Autophagy gene variant IRGM -261T contributes to protection from tuberculosis caused by Mycobacterium tuberculosis but not by M. africanum strains

Abstract

The human immunity-related GTPase M (IRGM) has been shown to be critically involved in regulating autophagy as a means of disposing cytosolic cellular structures and of reducing the growth of intracellular pathogens in vitro. This includes Mycobacterium tuberculosis, which is in agreement with findings indicating that M. tuberculosis translocates from the phagolysosome into the cytosol of infected cells, where it becomes exposed to autophagy. To test whether IRGM plays a role in human infection, we studied IRGM gene variants in 2010 patients with pulmonary tuberculosis (TB) and 2346 unaffected controls. Mycobacterial clades were classified by spoligotyping, IS6110 fingerprinting and genotyping of the pks1/15 deletion. The IRGM genotype -261TT was negatively associated with TB caused by M. tuberculosis (OR 0.66, CI 0.52-0.84, P(nominal) 0.0009, P(corrected) 0.0045) and not with TB caused by M. africanum or M. bovis (OR 0.95, CI 0.70-1.30. P 0.8). Further stratification for mycobacterial clades revealed that the protective effect applied only to M. tuberculosis strains with a damaged pks1/15 gene which is characteristic for the Euro-American (EUAM) subgroup of M. tuberculosis (OR 0.63, CI 0.49-0.81, P(nominal) 0.0004, P(corrected) 0.0019). Our results, including those of luciferase reporter gene assays with the IRGM variants -261C and -261T, suggest a role for IRGM and autophagy in protection of humans against natural infection with M. tuberculosis EUAM clades. Moreover, they support in vitro findings indicating that TB lineages capable of producing a distinct mycobacterial phenolic glycolipid that occurs exclusively in strains with an intact pks1/15 gene inhibit innate immune responses in which IRGM contributes to the control of autophagy. Finally, they raise the possibility that the increased frequency of the IRGM -261TT genotype may have contributed to the establishment of M. africanum as a pathogen in the West African population.

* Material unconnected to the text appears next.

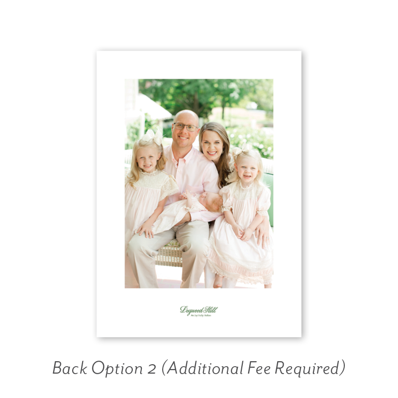 Want to add up to 4 photos on the back or inside of your card? Click here to add the fee to your cart.

Figure 1. Schematic structure of the IRGM gene.

A) Gene segments with lengths and all SNPs that are recognized so far are given. SNPs associated with Crohn's Disease, SNPs genotyped in the present study and the SNP associated with protection from TB caused by the EUAM-lineage of M. tuberculosis are indicated. The nucleotide positions of SNPs indicated by rs/ss numbers are listed in Table 1. B) Estimates of pairwise linkage disequilibria (LD) between IRGM variants with the LD measure of r ² assuming Hardy-Weinberg equilibrium. C) Potential loss of transcription factor binding sites (ARNT, PAX5, AHR) in sequences carrying the IRGM −261T allele. D) Potential accumulation of transcription factor binding sites (FOXP3, GR, PR A/PR B), depending on the number of tetranucleotide repeats (rs60800371; [15]).

Figure 2. Comparison of pGL3 IRGM −261C and pGL3 IRGM −261T promoter constructs.

FL/RL, ratio of firefly∶Renilla luciferase activity; pGL3 −261C, pGL3-Control Vector carrying the IRGM −261C wild-type variant; pGL3 −261T, pGL3-Control Vector carrying the IRGM −261T variant; *, P 0.013.